Parkinson's disease affects more than 10 million people worldwide and carries no cure. Among its genetic drivers, leucine-rich repeat kinase 2, LRRK2, stands out as the most frequently mutated gene in familial cases, and its variants also contribute to sporadic disease. Pathogenic mutations elevate LRRK2 kinase activity, which in turn disrupts downstream Rab GTPase signaling and drives hallmark cellular phenotypes including centrosomal cohesion defects and impaired ciliogenesis. ATP-competitive type I inhibitors can suppress this aberrant activity, but they stabilize a closed kinase conformation that causes LRRK2 to mislocalize into filamentous, microtubule-associated structures, an effect linked to lung and kidney toxicities observed in preclinical models. Alternative strategies that inhibit pathogenic LRRK2 activity without perturbing its physiological distribution remain an open challenge.

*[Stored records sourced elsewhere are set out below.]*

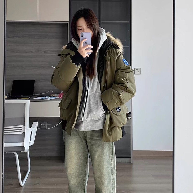 美式毛领羽绒棉服男冬季复古三防工装派克服加厚保暖情侣连帽外套
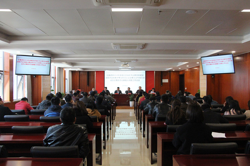 3月14日上午,安徽建科黨委組織召開(kāi)2018年度基層黨組織書(shū)記抓黨的建設述職評議和集中整治形式主義官僚主義專(zhuān)項行動(dòng)推進(jìn)會(huì )暨防范化解重大風(fēng)險工作會(huì )議。院領(lǐng)導班子,各黨支部相關(guān)人員,來(lái)自管理、設計、檢測和實(shí)體部門(mén)的中層近60人參加會(huì )議。會(huì )議由副院長(cháng)李躍進(jìn)主持。
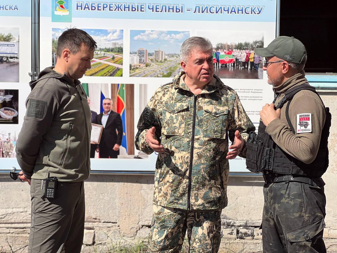 Мэр города Набережные Челны находится встретился с волонтёрами группы «Полевая кухня» из Набережных Челнов. С 2022 года команда во главе с Рустамом Гатиным при поддержке нашего города обеспечивает бесплатным горячим питанием женщин, детей и пожилых граждан города Лисичанска. За это время челнинцами подготовлено 4 млн порций.
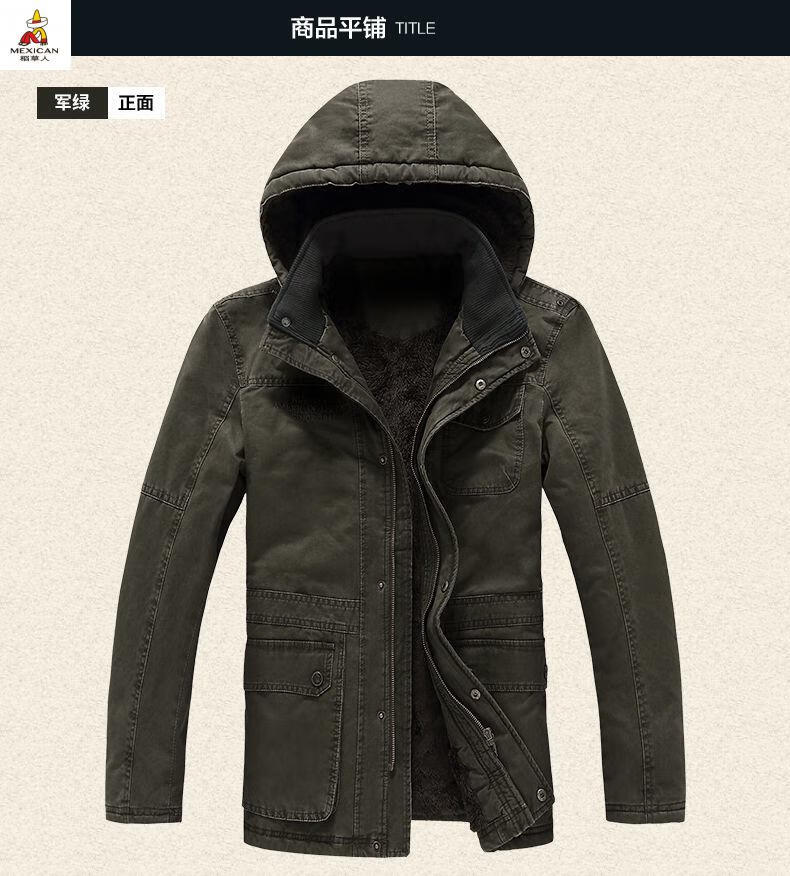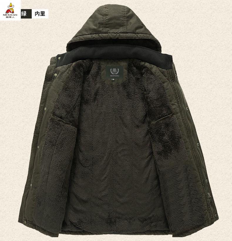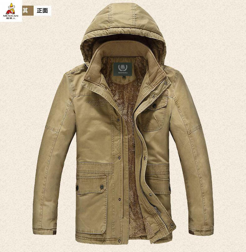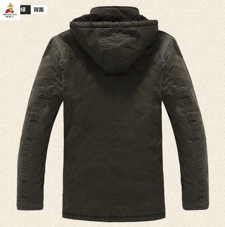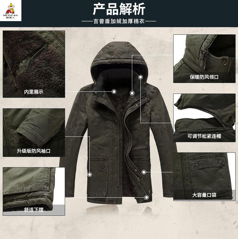 Scarecrow see exhibition car winter mid-length cotton coat men's lamb wool lining jacket cotton jacket plus velvet thickened men's jacket khaki M 110-120Jin Jin is equal to about 0.5 kg
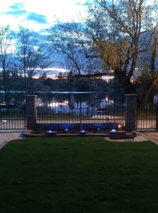 A háztól a stégeket egy egy sávos földút választja el, a ház körbekerített.
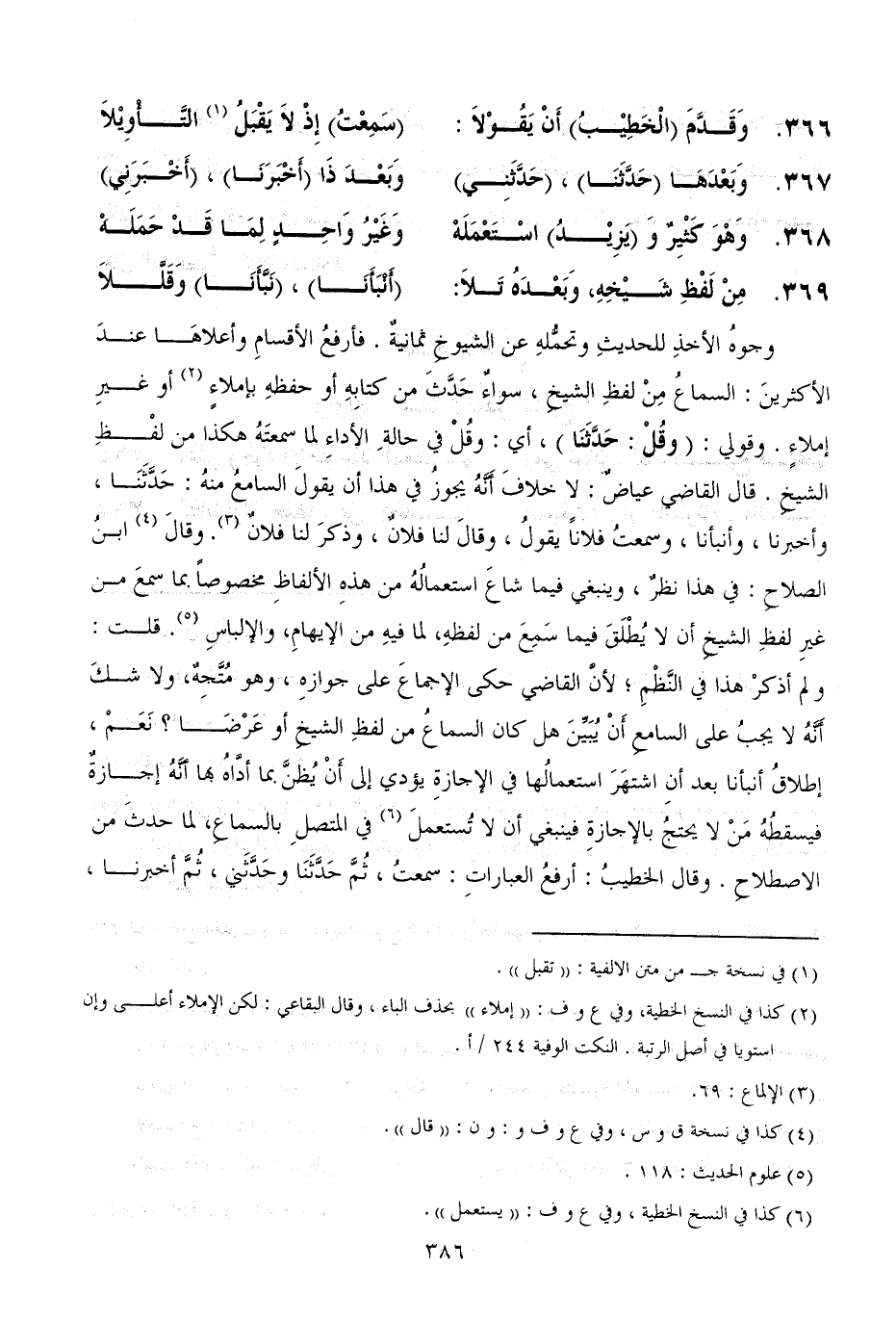 369.... مِنْ لَفْظِ شَيْخِهِ، وَبَعْدَهُ تَلاَ: ... (أَنْبَأَنَا) ، (نَبَّأَنَا) وَقَلَّلاَ
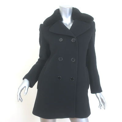 Sandro Shearling-Collar Pea Coat Black Wool Size 38 Double Breasted Ja...
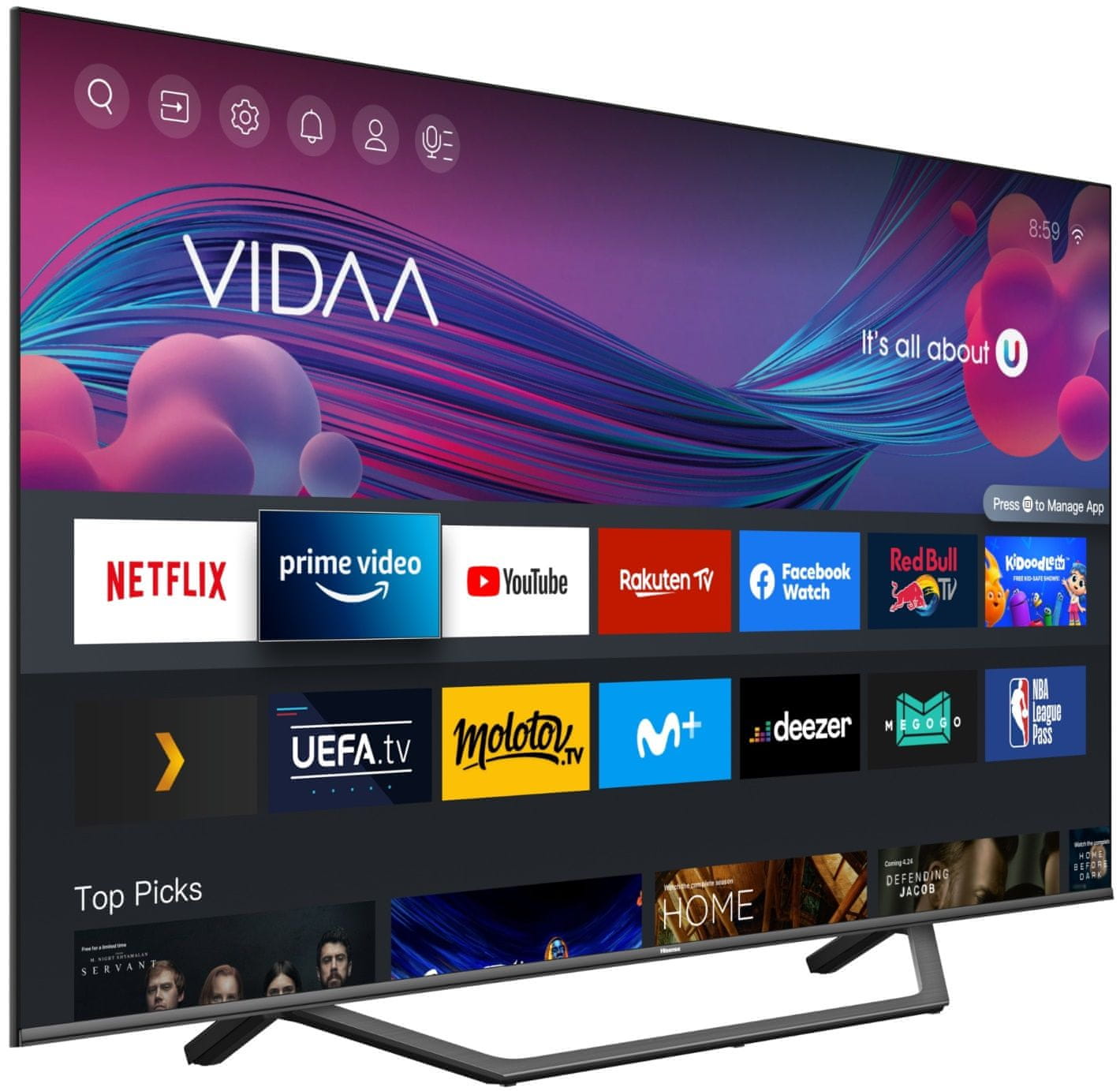 Ponuja vrhunske platforme za pretakanje (vključno z Netflixom, YouTube ali Amazon Prime Video), športe v živo, aplikacije, glasbo in umetnost, hitro in v odlični kakovosti slike in zvoka. VIDAA ponuja široko paleto vsebin, vključno s filmi, televizijskimi oddajami, vremenom, novicami, dokumentarci, športom, oddajami v živo in lokalnimi novicami. Sodoben vmesnik vam omogoča, da hitro najdete tisto, kar iščete, zahvaljujoč intuitivni navigaciji in enostavnemu brskanju.

Researchers in the Kennedy Group at the University of North Carolina at Chapel Hill, published in Bioorganic Chemistry, set out to exploit a structural feature of LRRK2 that had been overlooked as a drug target. Cryo-EM structures of full-length monomeric LRRK2 reveal that a C-terminal helix leans against the back of the kinase domain and contacts the ankyrin and C-terminal of ROC domains, suggesting a scaffolding role that may regulate kinase activity through intramolecular domain-domain interactions. The team designed a focused library of 24-residue hydrocarbon-stapled peptides, termed C-terminal helix Inhibitory Peptides, CTIPs, derived from this helix sequence. Staples were formed by incorporating (S)-N-Fmoc-2-(4-pentenyl)alanine at i and i+4 positions and cyclizing via ring-closing metathesis, constraining the peptides into stable α-helical conformations. Methionine residues were replaced with norleucine to improve oxidative stability, and an N-terminal PEG3 linker was added to improve hydrophilicity. Peptides were assembled by Fmoc-based SPPS on Rink amide MBHA resin and purified by RP-HPLC.

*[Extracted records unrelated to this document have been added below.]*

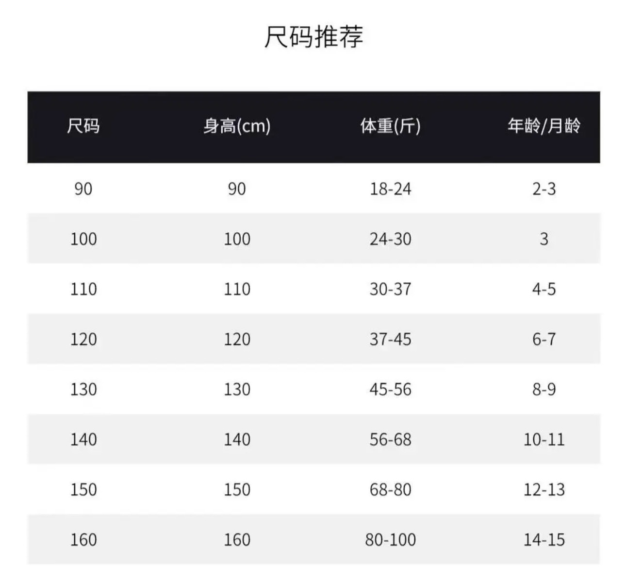 110 см; 120 см; 130см; 140 см; 150 см; 160см; 170см
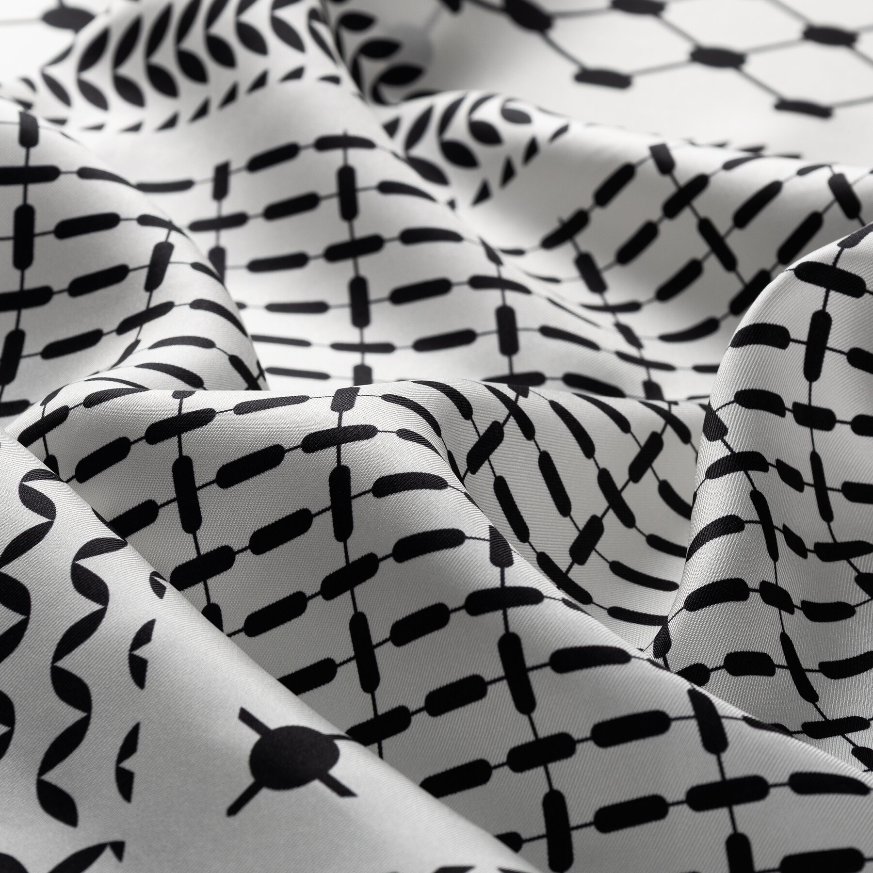 Beyaz Siyah Kefiye Tivil İpek Eşarp
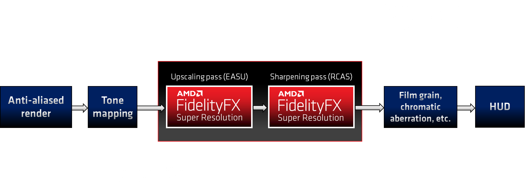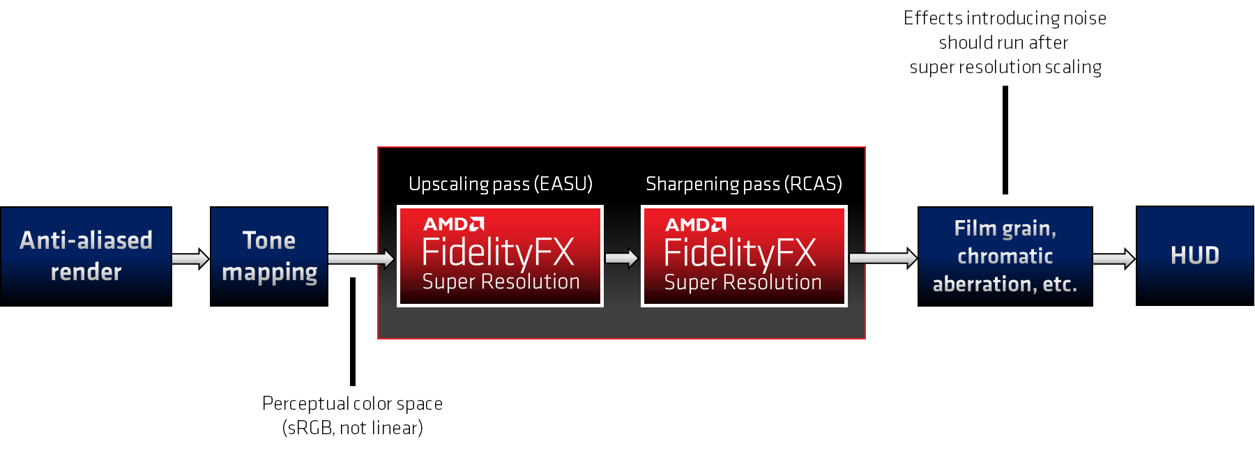 AMD FidelityFX Super Resolution passes work best in perceptual color space, and should therefore be integrated after tone mapping. Passes that introduce noise or other high-frequency visual components to the scene should be rendered after upscaling to avoid those noisy components being amplified.

Circular dichroism spectroscopy confirmed that CTIP3 and CTIP4, the two lead candidates, display characteristic α-helical minima at 208 and 222 nm, while their unstapled counterpart shows a random-coil signature. Fluorescence microscopy and flow cytometry in RAW264.7 macrophages, which express high endogenous LRRK2 levels, demonstrated efficient intracellular accumulation of FAM-labeled CTIPs at 10 μM. Both peptides reduced phosphorylation of the LRRK2 substrates Rab10 at T73 and Rab12 at S106 by up to 65% across a 1 to 5 μM concentration range in RAW264.7 cells, with up to 90% inhibition of Rab10 phosphorylation in HEK293 cells. Scrambled control peptides, CTIPScr3 and CTIPScr4, produced no measurable reduction in substrate phosphorylation, establishing sequence-dependent inhibition. Streptavidin pull-down assays using biotinylated CTIPs confirmed direct engagement of endogenous LRRK2 in RAW264.7, A549, and HEK293 cell lysates, while scrambled controls failed to enrich the kinase.

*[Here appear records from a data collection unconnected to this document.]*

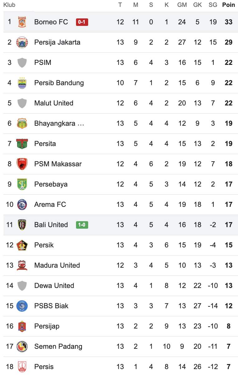 Hasil ini membuat Borneo FC tetap dengan 33 poin dari 12 pertandingan. Berselisih empat angka dari Persija Jakarta, yang membuntuti di tempat kedua. Sementara kemenangan membuat Bali United memiliki 17 angka dari 13 laga.
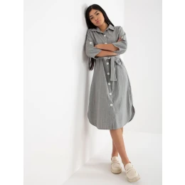 Szara koszulowa sukienka w paski z paskiem wiązanym .
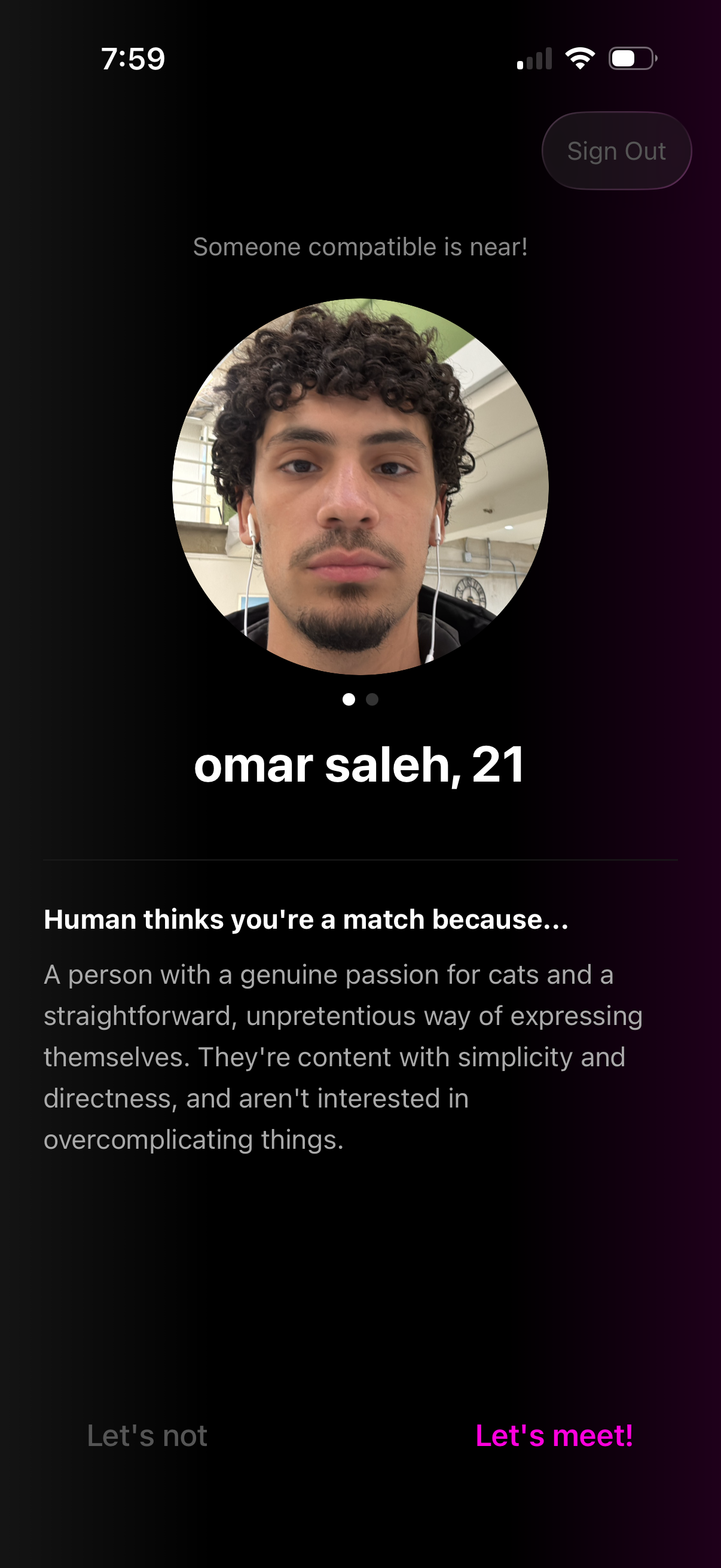 Human is a proximity-based AI matchmaking app for iOS. Not for dating. Not for networking. Just for meeting the person you were probably supposed to meet.

Microscale thermophoresis with purified full-length LRRK2 yielded dissociation constants of 5.5 μM for CTIP3 and 10.3 μM for CTIP4, providing quantitative, cell-free binding evidence. Western blot analysis showed no reduction in LRRK2 phosphorylation at Ser935 upon CTIP treatment, a site whose dephosphorylation is a hallmark of type I inhibitor engagement. GFP-tagged LRRK2 maintained diffuse cytosolic distribution in CTIP-treated HEK293 and RAW264.7 cells, in contrast to the filamentous relocalization induced by MLi-2. In LRRK2 R1441C knock-in mouse embryonic fibroblasts, both CTIPs restored centrosomal cohesion at 5 and 10 μM within 4 hours, and rescued ciliogenesis at 2.5 μM under serum-free conditions, achieving rescue levels comparable to MLi-2. Neither peptide affected LRRK2 protein levels or cell viability over treatment periods of up to 72 hours.
These findings position the LRRK2 C-terminal helix as a regulatory element amenable to allosteric peptide intervention and introduce CTIPs as the first peptide-based modulators of this interface. Because the C-terminal helix sequence diverges considerably from that of the closest LRRK2 homolog, LRRK1, and from other kinases, a degree of selectivity appears plausible, though kinome-wide profiling will be needed to confirm specificity. CTIPs are not expected to cross the blood-brain barrier in their current form, but the authors note that sequence modifications incorporating cell-penetrating motifs such as penetratin or RVG-29, or encapsulation in nanoparticles or extracellular vesicles, could extend CNS access. Peripheral tissues and immune cells also express LRRK2 at high levels and are relevant to PD pathology as well as Crohn's disease, providing additional therapeutic contexts that do not require central nervous system delivery. Future structural studies of LRRK2 bound to CTIPs should clarify the precise allosteric mechanism and guide next-generation optimization.